[Feedback] Profiles premature optimization
There is a premature optimization in the profiles proto https://github.com/open-telemetry/opentelemetry-proto/blob/main/opentelemetry/proto/profiles/v1development/profiles.proto#L53 and the whole ProfilesDictionary idea. The premature optimization is not that it exists this dictionary, is that it is a global dictionary instead of a resource level dictionary. The benefit is very minimal compare with the huge downside that merging multiple requests coming from multiple resources is impossible (or close to impossible).
The motivation stems from here and it's supporting host-level profiles where resources correspond to a container. Per-container profiles will have duplication such as kernel function names, system libraries function names. Or even application symbol names if multiple replicas of the app run on the host.
cc @open-telemetry/profiling-maintainers
+1 to what @aalexand said. We're aware of the tradeoffs, but merging profiles from different requests is a less important use case to us than supporting container level resource profiles.
We expect that merging only needs to be implemented once in the collector, and the complexity is acceptable there.
Let us know if this makes sense or if we should continue the discussion.
The motivation stems from https://github.com/open-telemetry/opentelemetry-proto/issues/628#issuecomment-2772566325 and it's supporting host-level profiles where resources correspond to a container. Per-container profiles will have duplication such as kernel function names, system libraries function names. Or even application symbol names if multiple replicas of the app run on the host.
I understand, but I do believe the tradeoff does not have a good ROI, mostly because in a case (assume 200 containers on a host) the win of doing manual encryption vs relying on some compression mechanism snappy/zstd/etc. does not make sense to me.

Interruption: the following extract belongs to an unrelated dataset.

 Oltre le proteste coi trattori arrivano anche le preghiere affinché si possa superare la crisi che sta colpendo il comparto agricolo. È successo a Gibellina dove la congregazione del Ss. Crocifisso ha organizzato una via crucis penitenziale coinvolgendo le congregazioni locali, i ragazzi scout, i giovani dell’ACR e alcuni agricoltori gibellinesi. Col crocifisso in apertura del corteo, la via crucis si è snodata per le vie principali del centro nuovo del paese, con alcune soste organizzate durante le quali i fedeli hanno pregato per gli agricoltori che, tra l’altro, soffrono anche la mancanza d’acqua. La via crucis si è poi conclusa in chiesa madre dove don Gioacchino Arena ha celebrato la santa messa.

I understand, but I do believe the tradeoff does not have a good ROI, mostly because in a case (assume 200 containers on a host) the win of doing manual encryption vs relying on some encryption mechanism snappy/zstd/etc. does not make sense to me.

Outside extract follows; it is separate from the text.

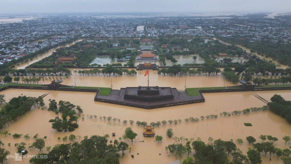 On Oct. 27, the Bo River in Hue crested at 5.31 meters, surpassing the record flood of 2020. Three days later, the Thu Bon River in Hoi An rose to 5.62 meters, exceeding the historic flood level of 1964 by 0.14 meters.

I assume you mean compression rather than encryption?
As far as potential efficiency arguments are concerned, could you elaborate a bit more? Wouldn't the case of having 200 containers on a host greatly benefit from a global directory rather than a resource level one? I'd imagine that many/most of these containers would be using the same languages and runtimes with shared symbols for stdlib and common libraries?

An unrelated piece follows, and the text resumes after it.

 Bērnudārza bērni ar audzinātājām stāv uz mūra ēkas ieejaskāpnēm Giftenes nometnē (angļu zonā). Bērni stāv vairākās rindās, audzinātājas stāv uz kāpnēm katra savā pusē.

We're definitely happy to take your feedback into account, but right now it's a bit too vague to be actionable.
I think what @bogdandrutu is saying is that zstd and other general purpose compression algos are really good at eliminating this duplication and even with 200-fold repetition of dictionaries after the compression on the wire you will likely see a fairly small total size difference. I think that's fair and it would be useful to see benchmarks that show this (or disprove it).
However, while that is true about wire sizes, it is not relevant for in-memory sizes. After you uncompress the payload in-memory you do end up with 200 duplicate dictionaries, with potentially a lot more memory usage.
It is also possible that much larger uncompressed input to zsts/snappy/etc cause an increase in compute even if the compressed output size ends up being similar.
I would really love to see some benchmarking done that demonstrate these aspects (wire size, in-mem usage, compress+serde compute) when changes are made to the proto for the purpose of optimization.
Wouldn't the case of having 200 containers on a host greatly benefit from a global directory rather than a resource level one?
How do you get to the point of producing this "global directory". You will most likely pay more CPU to construct this out of multiple incoming requests than a highly optimized compression algorithm that have lots of small engineers behind.
I do feel that this is a hypothetical scenario, with real good understanding on how do we get to really benefit of this. So I stand by my words that this is a premature optimization, and most likely we will never be able to merge these maps across multiple sources (or very rarely) and does not justify the complications when it comes to usability.
I assume you mean compression rather than encryption?
Thank you for fixing my words on this.
How do you get to the point of producing this "global directory". You will most likely pay more CPU to construct this out of multiple incoming requests than a highly optimized compression algorithm that have lots of small engineers behind.
In-memory data is not compressed though. If a given machine runs 100 containers that are replicas of the same program and each container profile references 10000 functions with each function name being 100 bytes on average, the current approach seems like a reasonable way to store 1 MB of function names in memory instead of 100 MB. I wouldn't say it's hypothetical.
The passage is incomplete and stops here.